Directions for this task:
In the listing that follows, the range to quote begins at the line that has "Territorio tra San" and ends after the line that has "次に歌を歌って色や動物の言い方に慣れ親しみました"; quote it verbatim and add nothing.

Data provided:
◆ ◆ ◆ ◆ ◆

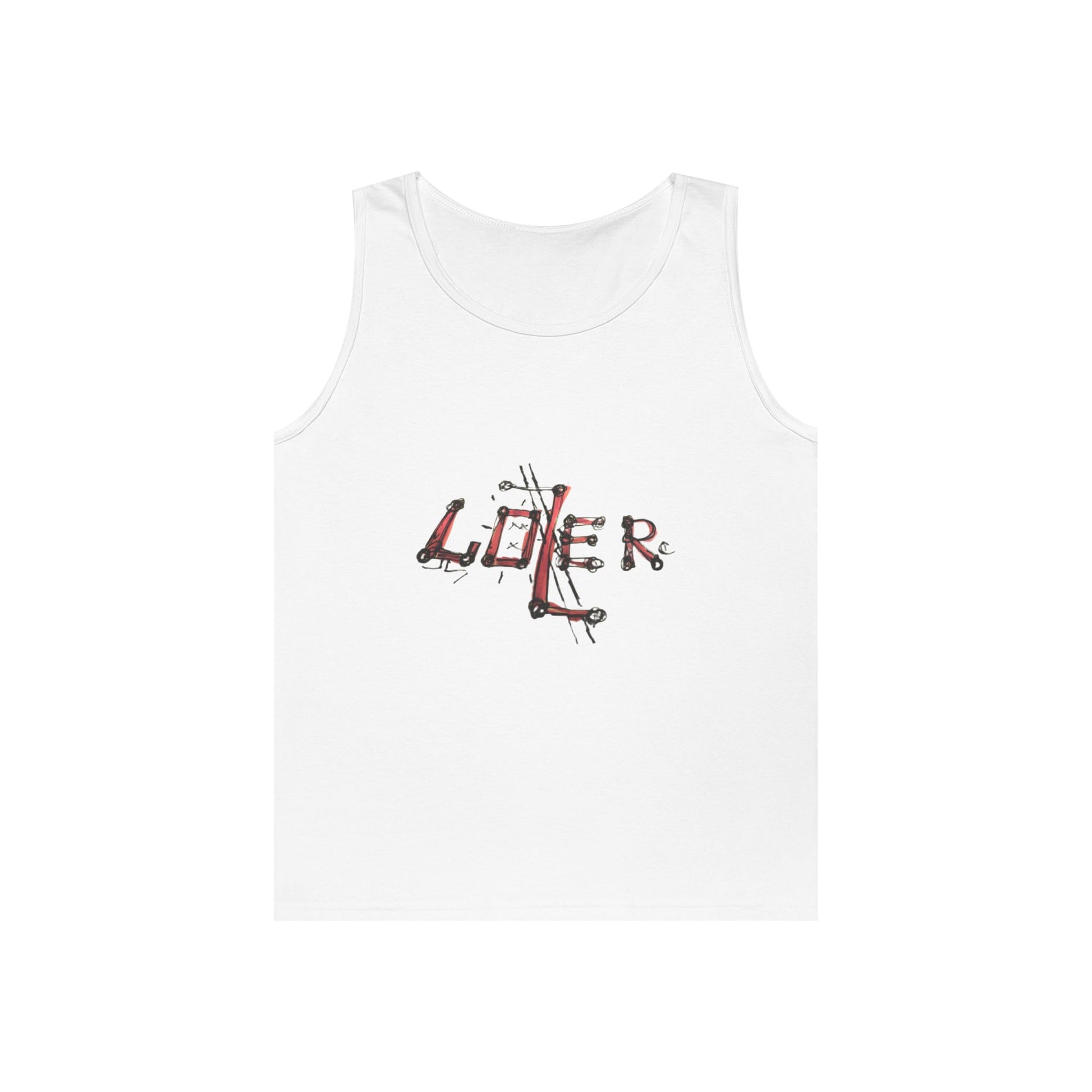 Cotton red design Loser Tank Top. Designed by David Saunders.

◆ ◆ ◆ ◆ ◆

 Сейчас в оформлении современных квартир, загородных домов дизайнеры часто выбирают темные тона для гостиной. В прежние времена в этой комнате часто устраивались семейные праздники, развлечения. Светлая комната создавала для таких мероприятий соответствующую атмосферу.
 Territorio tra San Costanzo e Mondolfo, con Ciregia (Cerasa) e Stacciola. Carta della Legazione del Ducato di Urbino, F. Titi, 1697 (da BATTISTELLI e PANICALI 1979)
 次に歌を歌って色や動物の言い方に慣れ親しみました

◆ ◆ ◆ ◆ ◆

Answer space:
 Territorio tra San Costanzo e Mondolfo, con Ciregia (Cerasa) e Stacciola. Carta della Legazione del Ducato di Urbino, F. Titi, 1697 (da BATTISTELLI e PANICALI 1979)
 次に歌を歌って色や動物の言い方に慣れ親しみました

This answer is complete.